BEGIN Exercise material

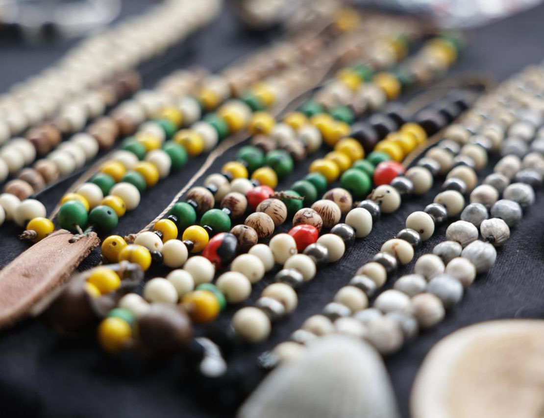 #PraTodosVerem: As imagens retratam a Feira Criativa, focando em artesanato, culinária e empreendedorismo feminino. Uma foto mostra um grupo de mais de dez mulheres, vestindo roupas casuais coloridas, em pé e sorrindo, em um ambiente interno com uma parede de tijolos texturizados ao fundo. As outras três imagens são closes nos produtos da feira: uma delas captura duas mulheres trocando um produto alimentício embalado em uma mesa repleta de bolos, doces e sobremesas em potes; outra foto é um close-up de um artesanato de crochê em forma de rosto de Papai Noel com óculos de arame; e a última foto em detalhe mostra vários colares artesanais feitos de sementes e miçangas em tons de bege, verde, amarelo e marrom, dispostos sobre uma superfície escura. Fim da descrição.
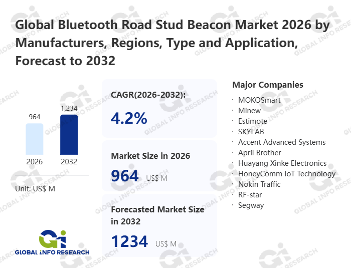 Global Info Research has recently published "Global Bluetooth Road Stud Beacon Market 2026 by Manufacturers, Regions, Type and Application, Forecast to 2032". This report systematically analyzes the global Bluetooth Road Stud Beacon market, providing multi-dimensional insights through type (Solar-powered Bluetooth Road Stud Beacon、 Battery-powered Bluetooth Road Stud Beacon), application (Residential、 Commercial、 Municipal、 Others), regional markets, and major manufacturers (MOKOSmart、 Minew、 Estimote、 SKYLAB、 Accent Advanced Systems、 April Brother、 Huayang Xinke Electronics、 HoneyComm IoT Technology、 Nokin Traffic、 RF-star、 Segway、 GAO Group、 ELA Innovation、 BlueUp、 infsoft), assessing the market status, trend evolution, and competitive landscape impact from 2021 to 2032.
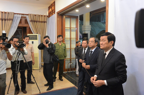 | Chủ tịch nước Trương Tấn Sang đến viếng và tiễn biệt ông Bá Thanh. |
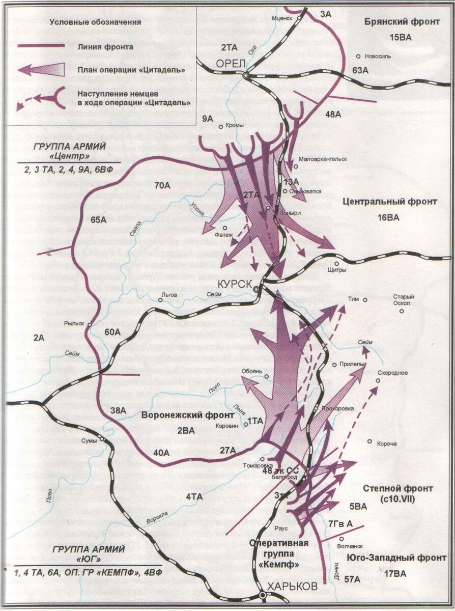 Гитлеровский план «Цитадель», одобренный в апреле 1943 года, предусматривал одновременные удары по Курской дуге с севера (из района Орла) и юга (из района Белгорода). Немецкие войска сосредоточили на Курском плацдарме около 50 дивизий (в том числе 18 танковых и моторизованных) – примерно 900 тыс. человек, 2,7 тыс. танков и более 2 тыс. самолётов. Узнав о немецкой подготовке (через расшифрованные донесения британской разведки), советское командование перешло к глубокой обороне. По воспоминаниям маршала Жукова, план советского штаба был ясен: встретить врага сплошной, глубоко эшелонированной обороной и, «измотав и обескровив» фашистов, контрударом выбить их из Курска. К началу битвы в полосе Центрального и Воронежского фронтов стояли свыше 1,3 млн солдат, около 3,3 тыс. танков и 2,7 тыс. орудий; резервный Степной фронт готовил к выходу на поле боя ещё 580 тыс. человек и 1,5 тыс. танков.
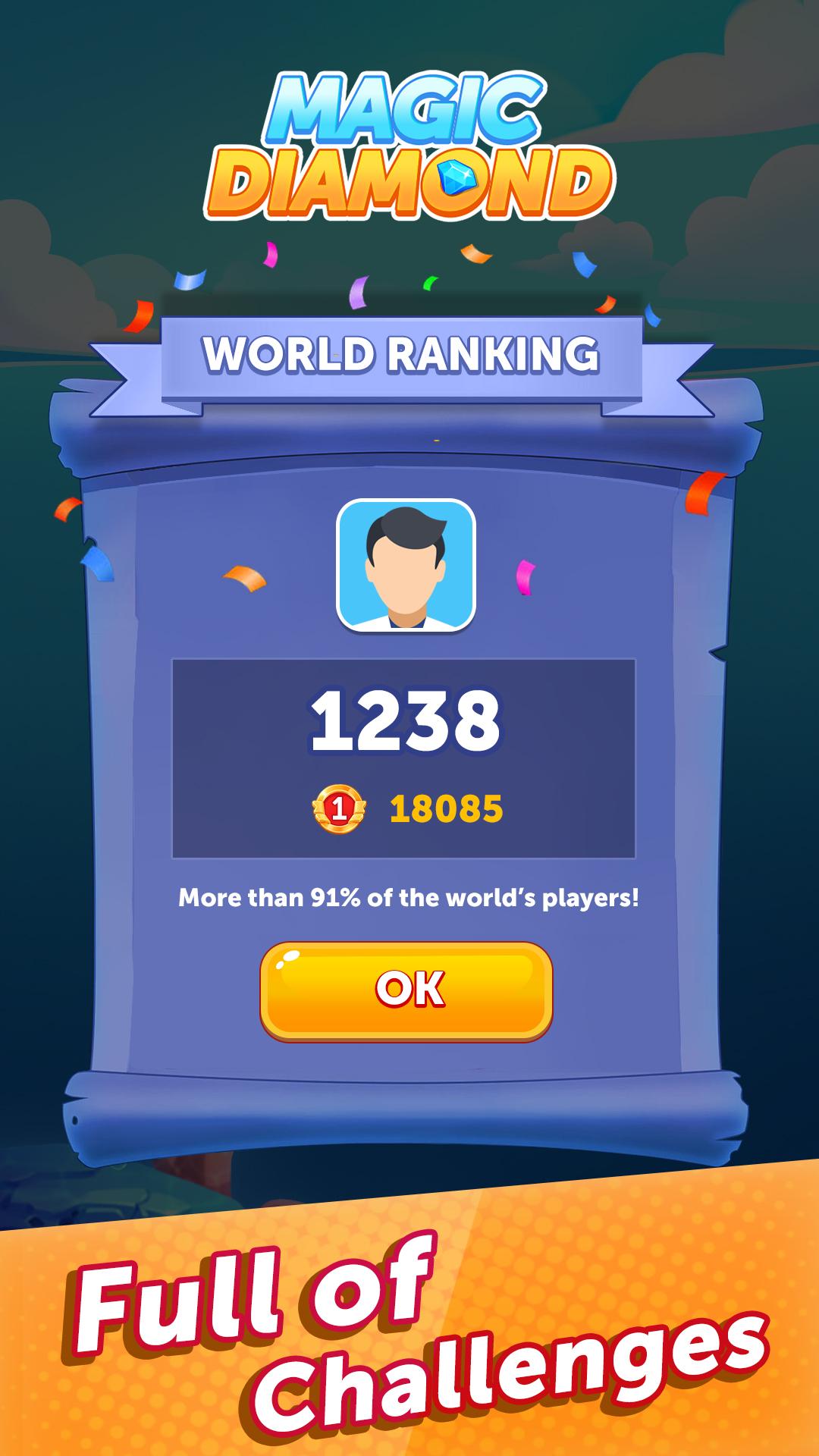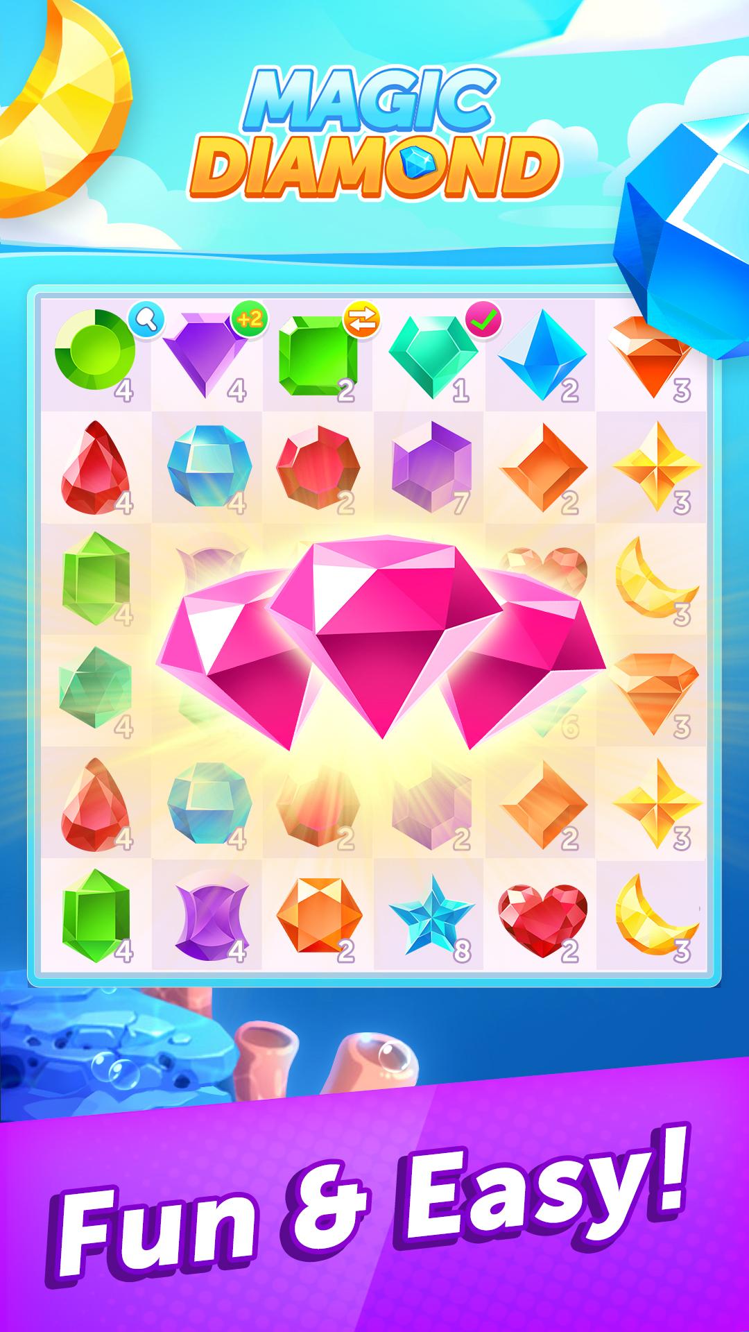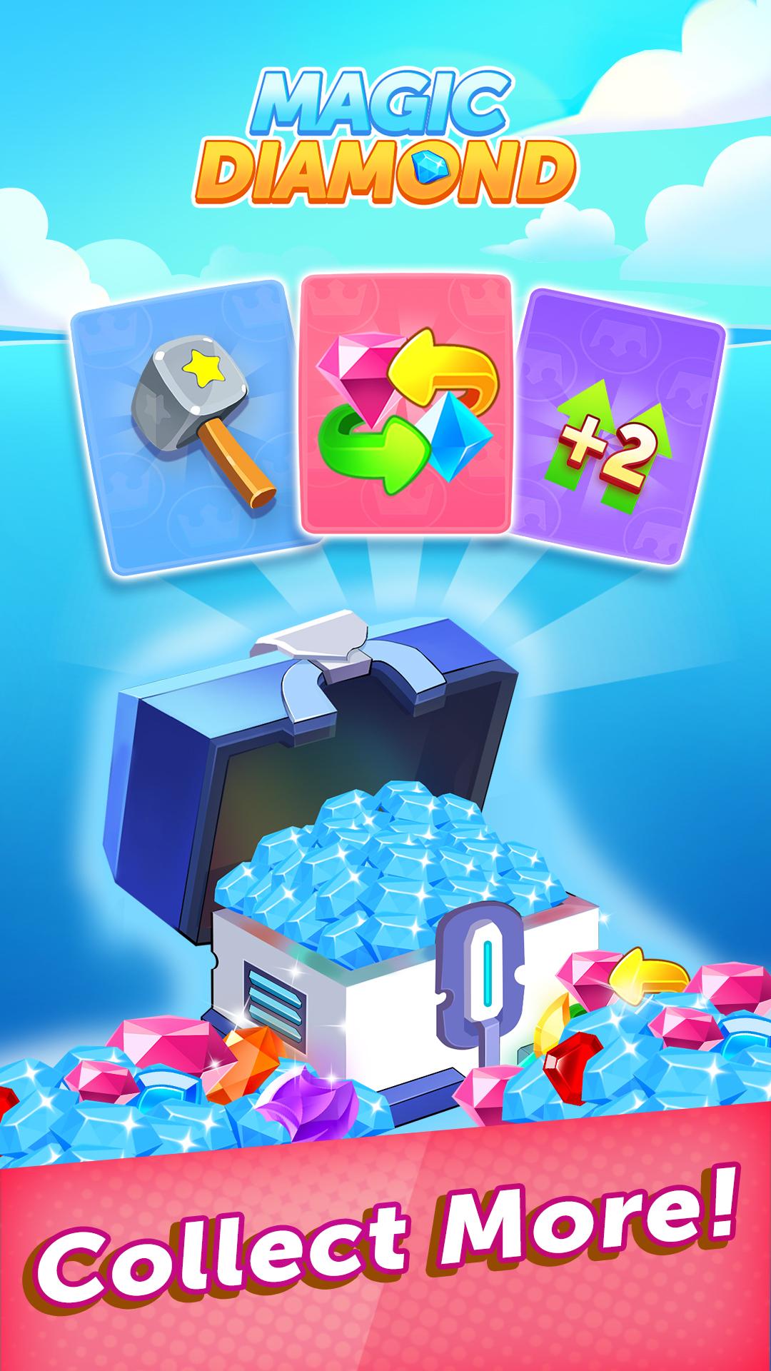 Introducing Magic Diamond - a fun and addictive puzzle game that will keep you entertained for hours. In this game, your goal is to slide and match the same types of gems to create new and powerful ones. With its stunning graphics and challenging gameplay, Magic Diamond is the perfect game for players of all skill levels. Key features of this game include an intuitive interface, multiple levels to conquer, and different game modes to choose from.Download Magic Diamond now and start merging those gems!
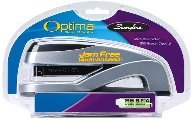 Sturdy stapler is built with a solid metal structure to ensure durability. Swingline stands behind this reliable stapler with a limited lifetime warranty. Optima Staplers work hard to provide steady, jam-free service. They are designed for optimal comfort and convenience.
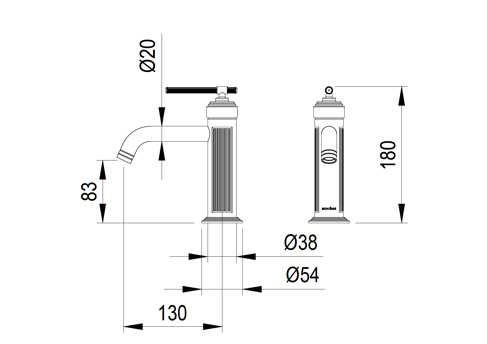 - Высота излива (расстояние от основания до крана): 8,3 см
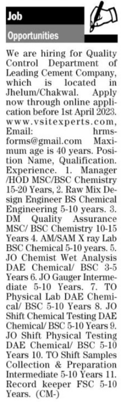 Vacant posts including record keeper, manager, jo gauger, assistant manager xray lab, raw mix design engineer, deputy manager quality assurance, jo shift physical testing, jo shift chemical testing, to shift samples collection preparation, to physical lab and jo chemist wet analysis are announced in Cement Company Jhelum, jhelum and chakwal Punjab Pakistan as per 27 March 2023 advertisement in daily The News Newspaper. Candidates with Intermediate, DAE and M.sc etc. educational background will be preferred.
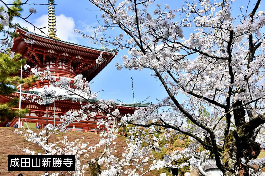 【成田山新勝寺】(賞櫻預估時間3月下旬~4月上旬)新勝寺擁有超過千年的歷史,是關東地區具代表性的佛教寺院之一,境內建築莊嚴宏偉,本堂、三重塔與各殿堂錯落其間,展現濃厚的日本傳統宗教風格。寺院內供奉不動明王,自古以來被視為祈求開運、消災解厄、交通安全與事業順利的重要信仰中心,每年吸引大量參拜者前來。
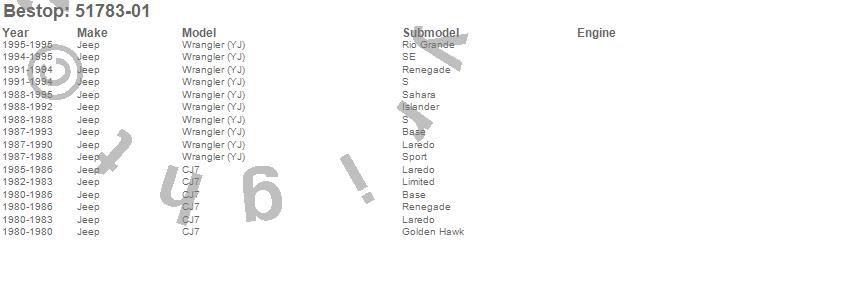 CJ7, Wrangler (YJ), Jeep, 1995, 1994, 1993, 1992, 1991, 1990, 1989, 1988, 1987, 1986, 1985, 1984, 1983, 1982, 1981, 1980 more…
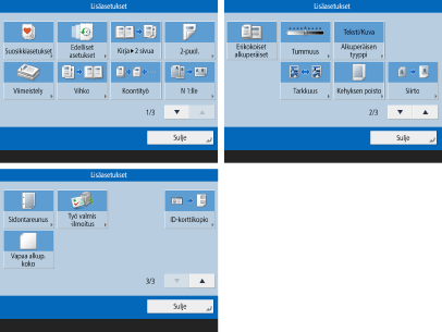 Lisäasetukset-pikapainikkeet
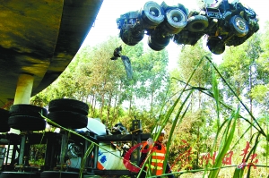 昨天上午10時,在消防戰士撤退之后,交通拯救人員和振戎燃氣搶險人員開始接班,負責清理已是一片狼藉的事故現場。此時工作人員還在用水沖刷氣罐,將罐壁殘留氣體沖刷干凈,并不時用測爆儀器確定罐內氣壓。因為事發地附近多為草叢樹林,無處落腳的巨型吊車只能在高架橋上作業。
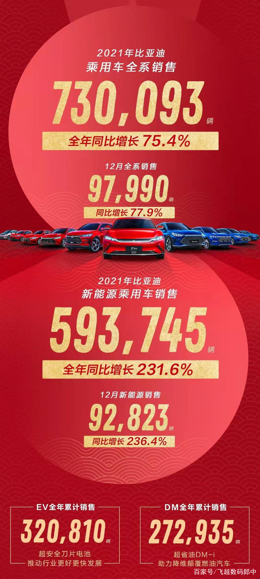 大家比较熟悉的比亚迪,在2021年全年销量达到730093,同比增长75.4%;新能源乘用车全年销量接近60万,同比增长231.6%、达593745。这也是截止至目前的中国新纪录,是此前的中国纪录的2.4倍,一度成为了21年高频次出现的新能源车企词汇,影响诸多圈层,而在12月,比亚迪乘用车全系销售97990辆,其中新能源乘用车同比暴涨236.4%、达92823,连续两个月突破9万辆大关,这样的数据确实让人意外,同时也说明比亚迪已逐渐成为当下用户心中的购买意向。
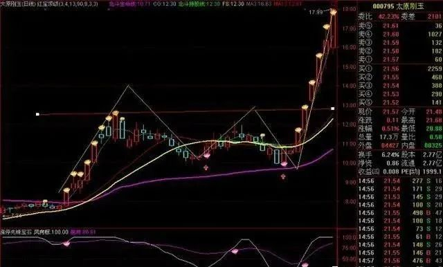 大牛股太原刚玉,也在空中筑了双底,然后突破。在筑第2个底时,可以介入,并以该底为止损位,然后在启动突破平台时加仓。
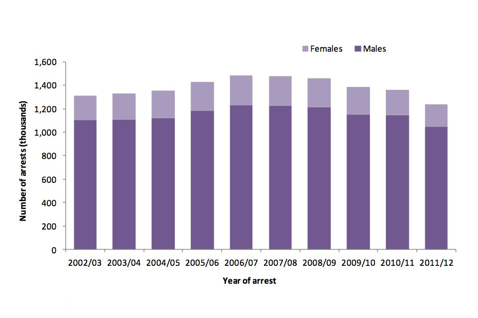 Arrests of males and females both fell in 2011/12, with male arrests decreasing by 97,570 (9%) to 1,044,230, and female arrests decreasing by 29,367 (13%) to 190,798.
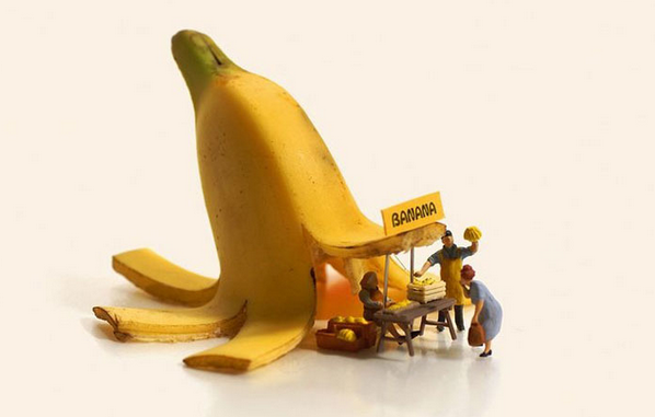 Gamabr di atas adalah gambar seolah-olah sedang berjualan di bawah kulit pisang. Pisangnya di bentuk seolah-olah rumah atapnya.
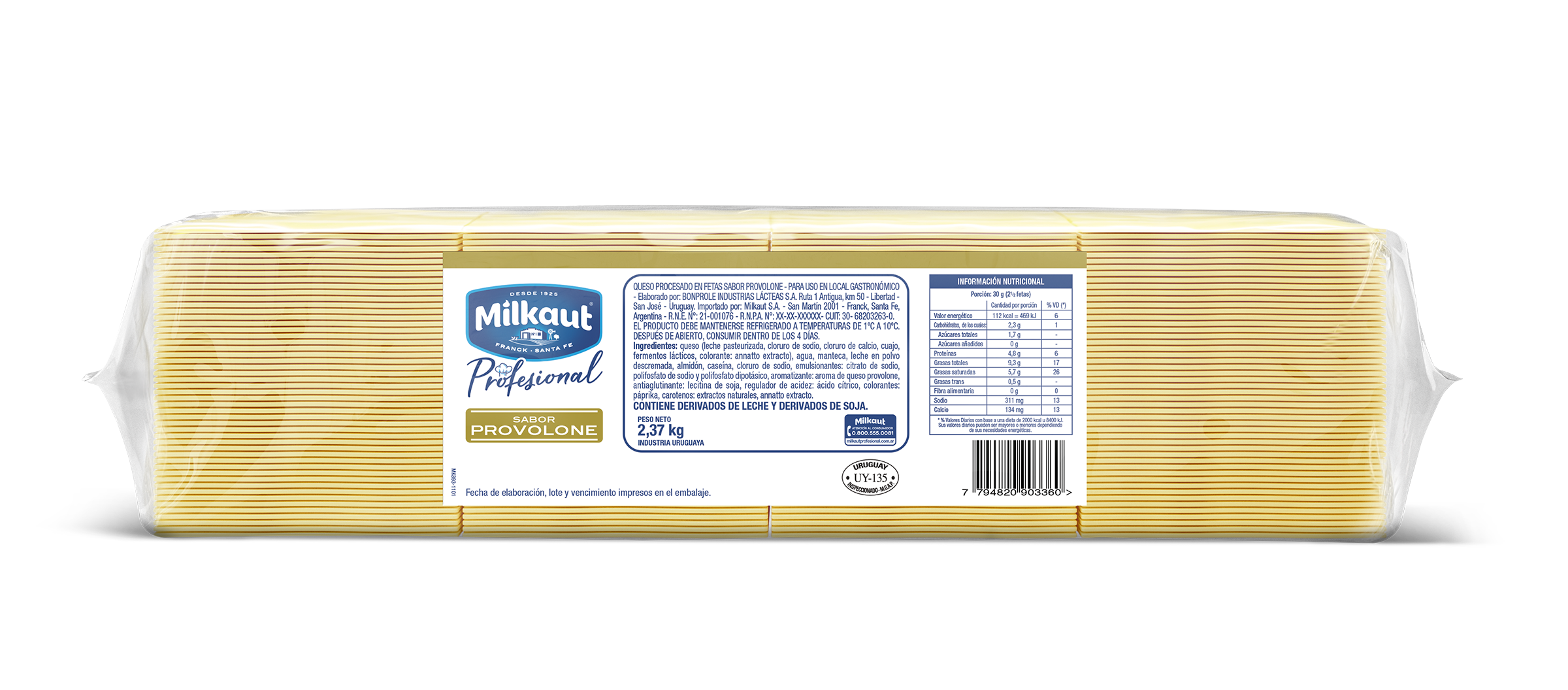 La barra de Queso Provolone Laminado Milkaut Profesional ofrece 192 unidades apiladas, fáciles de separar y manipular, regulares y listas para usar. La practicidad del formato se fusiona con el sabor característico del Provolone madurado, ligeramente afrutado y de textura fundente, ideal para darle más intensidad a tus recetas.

END Exercise material

Using the data above, retype exactly the lines from the line with "Arrests of males" to the line with "Gamabr di atas", inclusive. No pictures and nothing else.

 Arrests of males and females both fell in 2011/12, with male arrests decreasing by 97,570 (9%) to 1,044,230, and female arrests decreasing by 29,367 (13%) to 190,798.
 Gamabr di atas adalah gambar seolah-olah sedang berjualan di bawah kulit pisang. Pisangnya di bentuk seolah-olah rumah atapnya.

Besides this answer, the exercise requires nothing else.